No doubt that’s part of her point in writing a memoir, to send people back to her earlier work. But if I were to immerse myself in Smith’s writing for years the way she did with Bolaño’s, I wonder if it would strike her as creepy and stalker-ish. As a celebrity she might have had some experience with stalkers and it can’t have been good, although maybe it was interesting on a clinical level.

At one point, she offers a hint about her expectations.

“Writers and their process. Writers and their books. I cannot assume the reader will be familiar with (all the books she mentions), but in the end is the reader familiar with me? Does the reader wish to be so? I can only hope, as I offer my world on a platter filled with allusions. As one held by the stuffed bear in Tolstoy’s house, an oval platter that was once overflowing with the names of callers, infamous and obscure, small cartes de visite, many among the many.”

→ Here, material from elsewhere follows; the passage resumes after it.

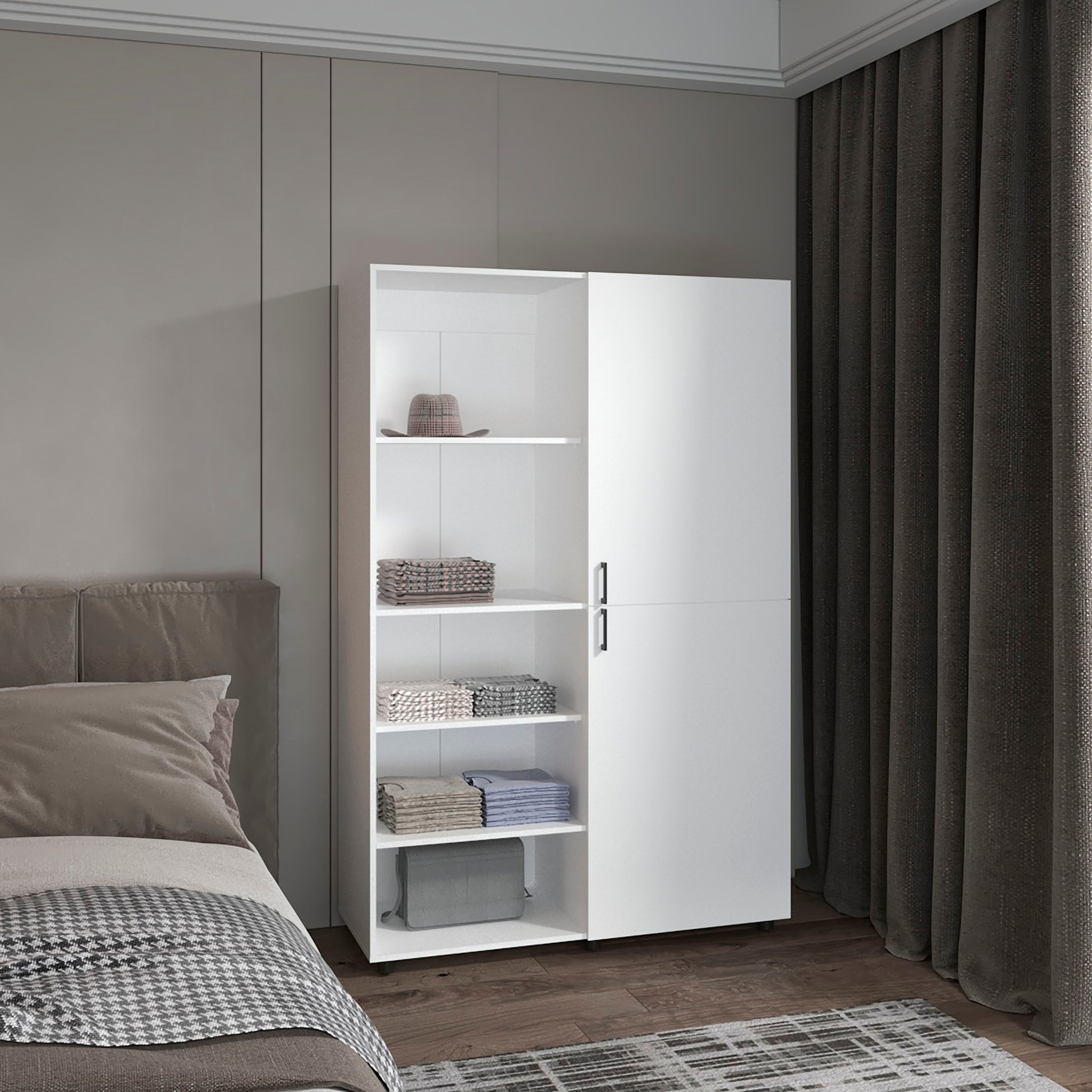 Eco High One Door Freestanding Armoire With Hanging Rod And Interior Shelves, Compact Bedroom Wardrobe

The one time I saw Patti Smith was not in concert but in person, when she was browsing the gift shop at the Art Gallery of Ontario a day or so after a show of her Polaroid photographs opened. This was almost exactly four years ago. She was dressed as she describes in M Train, pretty randomly, her grey-streaked hair long and a little stringy. She kept her head down, not inviting eye contact, or maybe just immersed in the books she was examining.

And having seen that gives another clue about reading her, especially in conjunction with Paul McCartney.

When we were living in Brazil, I went to a McCartney press conference before his band Wings did a mega-concert in Maracanã stadium. This would have been in the late 1980s, early 90s, and I was there to take photographs. I happened to turn and see McCartney as he walked in at the back of the room. He looked ordinary until the rest of the media saw him, when he turned on like a bank of floodlights.

He started posing as he walked, contorting his face and shoulders outlandishly, lifting a knee, half swivelling, pouting out his lips, looking as if his strings were being worked by a puppetmaster, although he was both master and puppet. The quick impression I got was of someone who sold at least a part of himself so shamelessly to his public that he’d grown cheapened with use. That’s harsh, but it’s the feeling I got.

In the gallery, Patti Smith seemed habitually withheld, and because of that, more tantalizing. There’s something tantalizing about her book, the way she pares down her writing, making you pause very often to try to understand what she’s getting at, what’s she’s looking at—there, in the distance.

This makes me think she might want people to read her not obsessively, but more than once, and I’m going to read M Train again. That’s demanding of me, because the question becomes, Is the book worth reading over? Some books aren’t, and I find that if I get bored a second time, stopping partway through, any charm the book had on first reading is lost.

I don’t know how I’d like to be read myself, for however many people read my books, or will read my next one. I think I would like readers to have a conversation with the book. Enjoyment would be good. But I like conversation, so I’ll make that the hypothesis for now.